Is Food Writing Biased Toward Wine?
The Wall Street Journal runs a promising story today about the growing appreciation of beer and the practice of pairing beer with cheese. Author Davide Berretta shares good news about beer-and-cheese pairings popping up at Slow Food's cheese festival in Italy and at American gourmet bars such as Beer Table in Brooklyn. But Berretta also uses biased language that portrays beer as a less deserving product than wine, a dangerous threat to wine's sacred place on restaurant menus and the palates of gourmands.
The headline (which was likely written by a copy-editor, not Berretta) sets the tone: "Trouble Brews for Wine; Cheese Chooses Beer" [emphasis added]. The story is about growth in an industry: beer. More people are appreciating good beer in the way many people appreciate good wine. Both can coexist, and the world can enjoy more fine libations.
But in the very first sentence, Berretta posits this growth as a conflict between beer and wine — and of course beer is the uncouth and unwanted guest at that dinner party. His first sentence reads:
After wrestling for a spot on the gourmet drink list, beer is trying to push deeper into wine territory: right by the cheese platter. [emphasis added]
The amount of bias here is maddening. First beer is an aggressor, "wrestling" and "pushing" for recognition. But worse, it's seen as an invading (in other words, unwelcome) force on "wine territory," as though wine somehow has sole ownership over cheese. They are paired together often, yes. But cheese is no more "wine territory" than peanut butter is "jelly territory." It's an example, not a rule.
Wine and cheese are historically consumed together more often than beer and cheese in what writers like Berretta consider "gourmet" settings — that is, France and Italy. But in countries like Germany, Belgium, and the Czech Republic, whose beer culture is as rich as France and Italy's wine culture, artisanal beer and cheese are equally regarded. And in all countries, people can enjoy both.
Berretta is biased on a more systemic level, too, in his sourcing.

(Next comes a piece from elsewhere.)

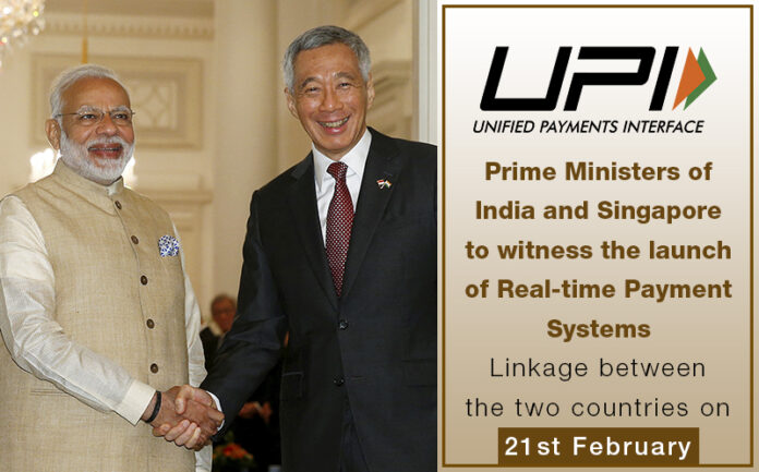 प्रधानमंत्री श्री नरेन्द्र मोदी और सिंगापुर के प्रधानमंत्री श्री ली सीन लूंग 21 फरवरी, 2023 को प्रात: 11 बजे (आईएसटी) भारत के यूनिफाइड पेमेंट्स इंटरफेस (यूपीआई) और सिंगापुर के ‘पे नॉउ’ के बीच क्रॉस-बॉर्डर कनेक्टिविटी लॉन्च होने के वीडियो कॉन्फ्रेंसिंग के माध्यम से गवाह बनेंगे। यह लॉन्च भारतीय रिज़र्व बैंक (आरबीआई) के गवर्नर श्री शक्तिकांत दास और मॉनेटरी अथॉरिटी ऑफ़ सिंगापुर (एमएएस) के प्रबंध निदेशक श्री रवि मेनन द्वारा किया जाएगा।
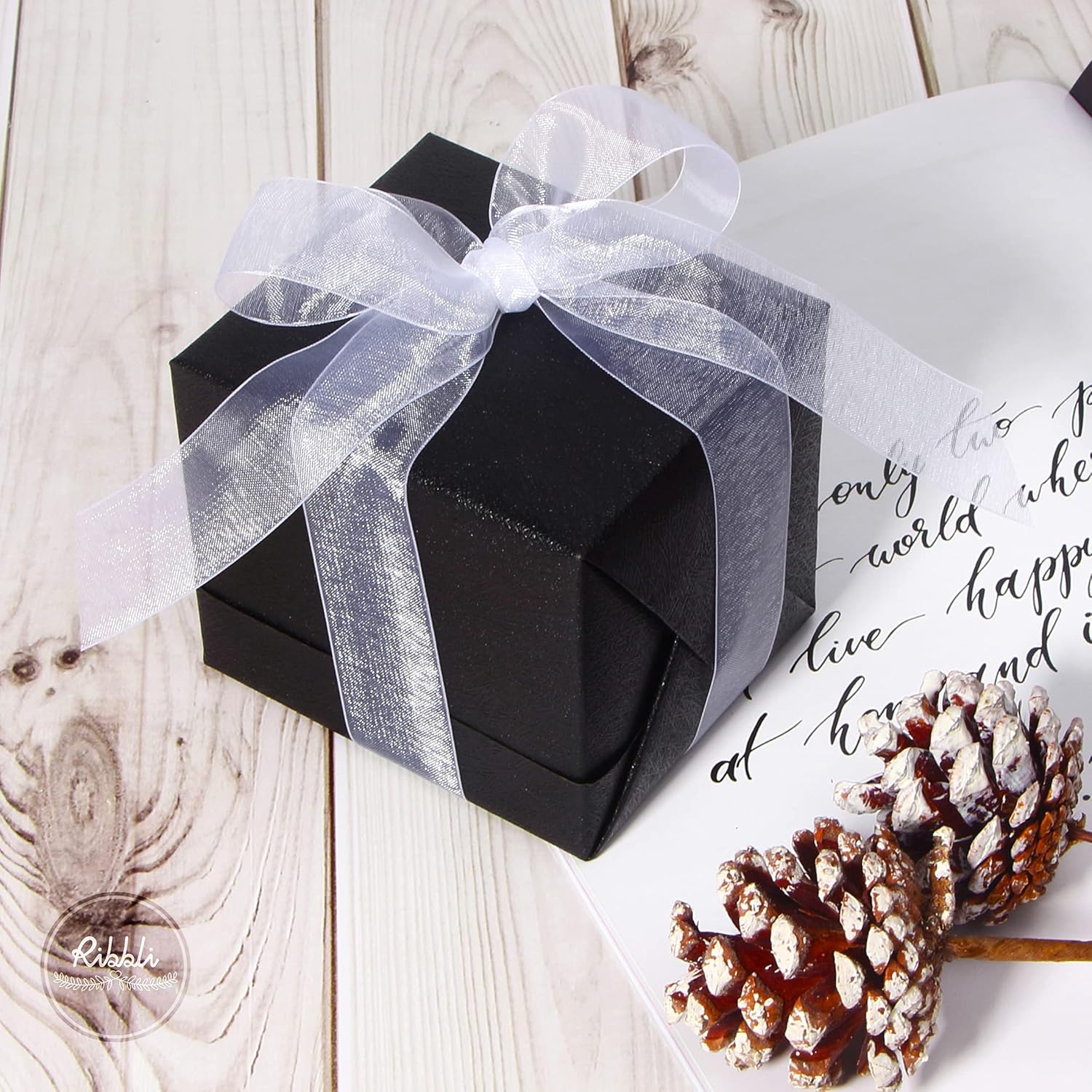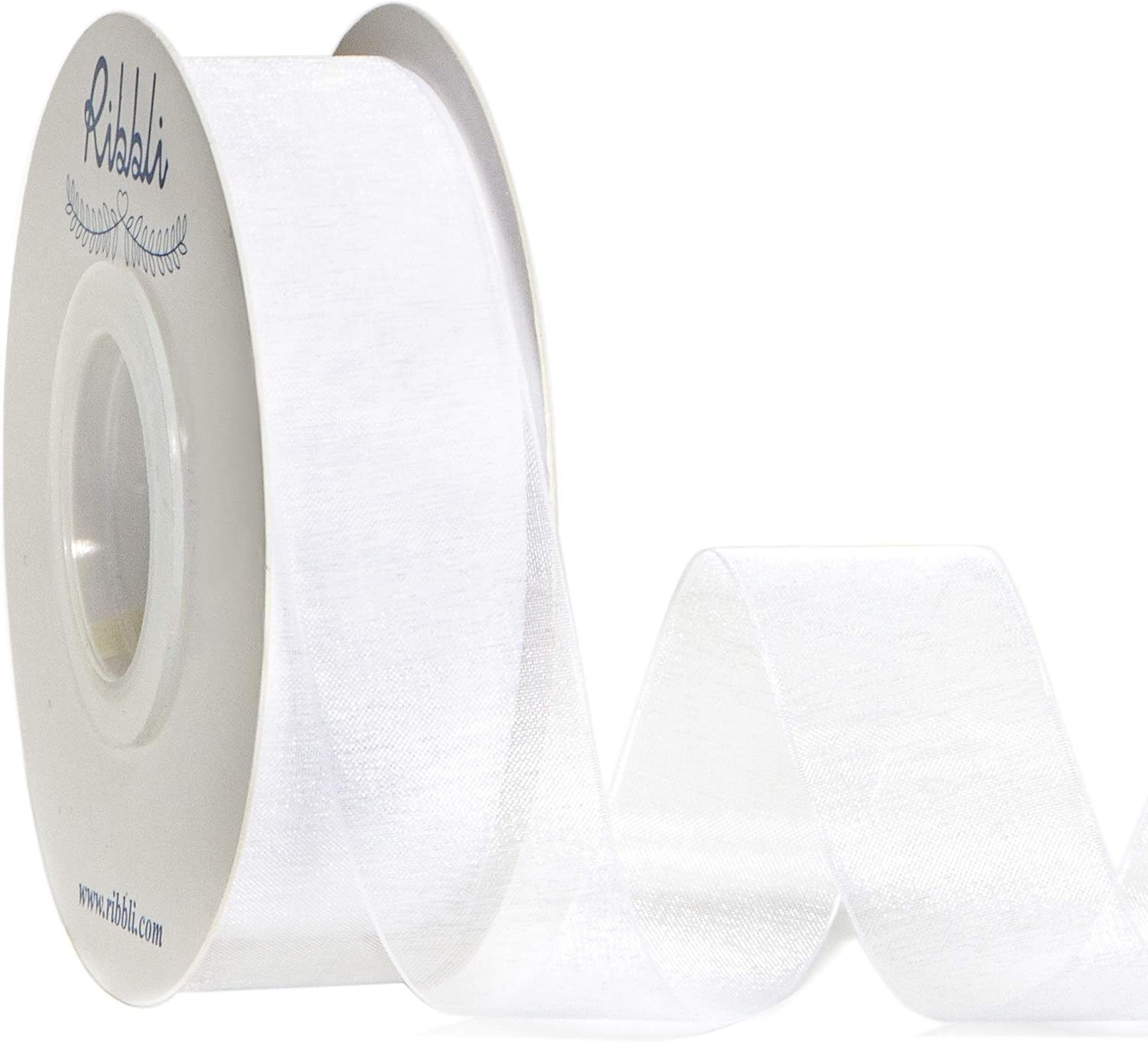 Ribbli White Sheer Organza Ribbon,1 Inches x Continuous 50 Yard Use for Gift Wrapping,Bouquet Wrapping,Wedding Decoration,All Crafting and Sewing

Aside from the one Brooklyn restaurant, he quotes mostly sources from Italy and France, two countries with strong wine preferences and beer cultures that are in their infancy. (A decade ago, all either one produced was fizzy yellow stuff; today, the number of breweries exporting to the U.S. from each country is still in the single digits.) Berretta doesn't mention Belgium, Germany, the Czech Republic, or Britain. And he scarcely mentions the United States; I could name a dozen places in D.C. alone that do beer-and-cheese pairings.
It's wonderful that good beer is getting attention, and that media are picking up on food lovers' enthusiasm for it. But food media is still biased toward wine. Hopefully soon writers will realize that beer is not the enemy and is not seeking to steal wine's thunder. It's just another food for people to enjoy.